(Beginning of Material provided)
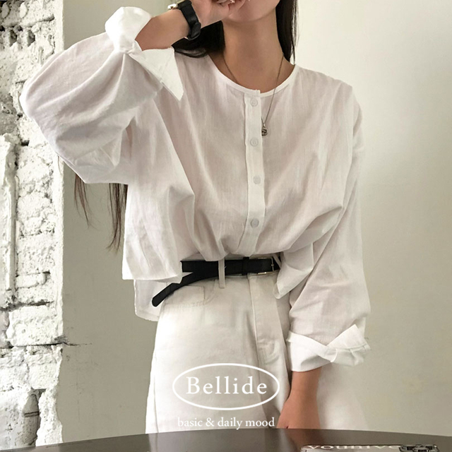 [BELLIDE MADE] ルーズフィットノーカラーコットンシャツ
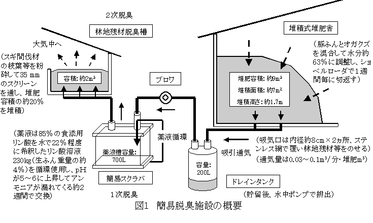 豚ふんの吸引通気式堆肥化における簡易スクラバと林地残材による脱臭技術 |
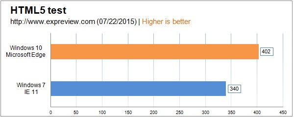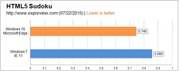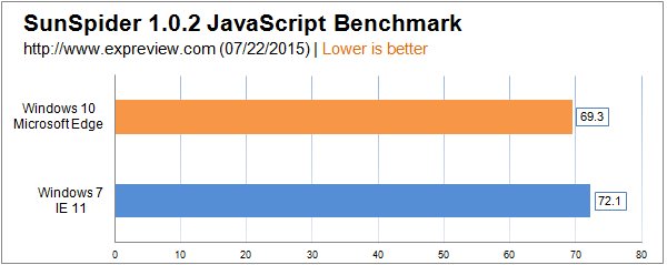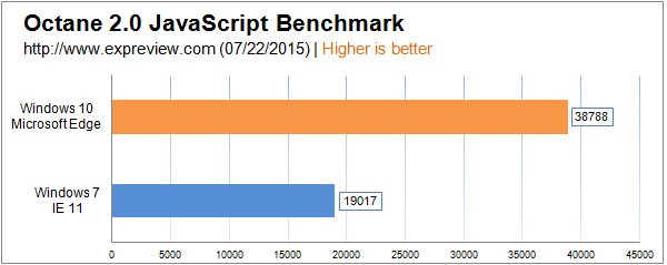 微軟Edge瀏覽器僅支持Windows 10系統(tǒng),所以這項(xiàng)對(duì)比中Windows 7只能繼續(xù)使用Internet Explorer11瀏覽器,測(cè)試的都是HTML5與JavaScript相關(guān)項(xiàng)目。
(End of Material provided)
Transcribe the listing exactly, skipping pictures.

 [BELLIDE MADE] ルーズフィットノーカラーコットンシャツ
 豚ふんの吸引通気式堆肥化における簡易スクラバと林地残材による脱臭技術 |
 微軟Edge瀏覽器僅支持Windows 10系統(tǒng),所以這項(xiàng)對(duì)比中Windows 7只能繼續(xù)使用Internet Explorer11瀏覽器,測(cè)試的都是HTML5與JavaScript相關(guān)項(xiàng)目。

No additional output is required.